What this task involves » Pictures in the entries below are excluded; copy only the lines from the one containing "- On the source" to the one containing "JOHN EDMONDSON HIGH", both included.

Source data »
-- Opening Marker --

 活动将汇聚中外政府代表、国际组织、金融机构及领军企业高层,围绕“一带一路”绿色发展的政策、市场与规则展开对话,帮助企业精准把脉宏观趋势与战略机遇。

-- Closing Marker --
-- Opening Marker --

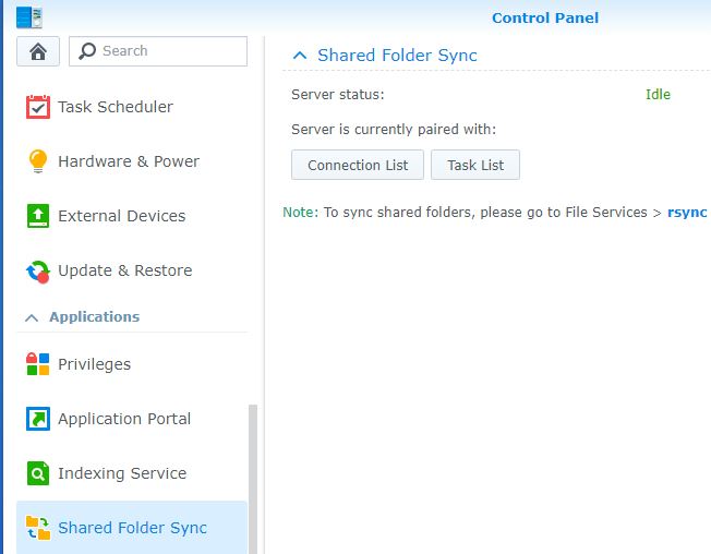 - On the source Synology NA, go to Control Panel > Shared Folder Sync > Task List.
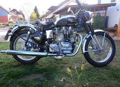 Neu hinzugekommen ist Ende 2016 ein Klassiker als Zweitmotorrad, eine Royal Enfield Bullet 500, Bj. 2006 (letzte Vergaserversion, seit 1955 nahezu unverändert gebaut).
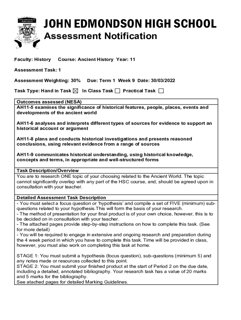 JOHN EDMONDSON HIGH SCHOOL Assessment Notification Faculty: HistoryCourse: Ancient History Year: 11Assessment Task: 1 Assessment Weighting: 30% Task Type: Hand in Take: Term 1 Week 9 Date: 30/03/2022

-- Closing Marker --

Expected output »
 - On the source Synology NA, go to Control Panel > Shared Folder Sync > Task List.
 Neu hinzugekommen ist Ende 2016 ein Klassiker als Zweitmotorrad, eine Royal Enfield Bullet 500, Bj. 2006 (letzte Vergaserversion, seit 1955 nahezu unverändert gebaut).
 JOHN EDMONDSON HIGH SCHOOL Assessment Notification Faculty: HistoryCourse: Ancient History Year: 11Assessment Task: 1 Assessment Weighting: 30% Task Type: Hand in Take: Term 1 Week 9 Date: 30/03/2022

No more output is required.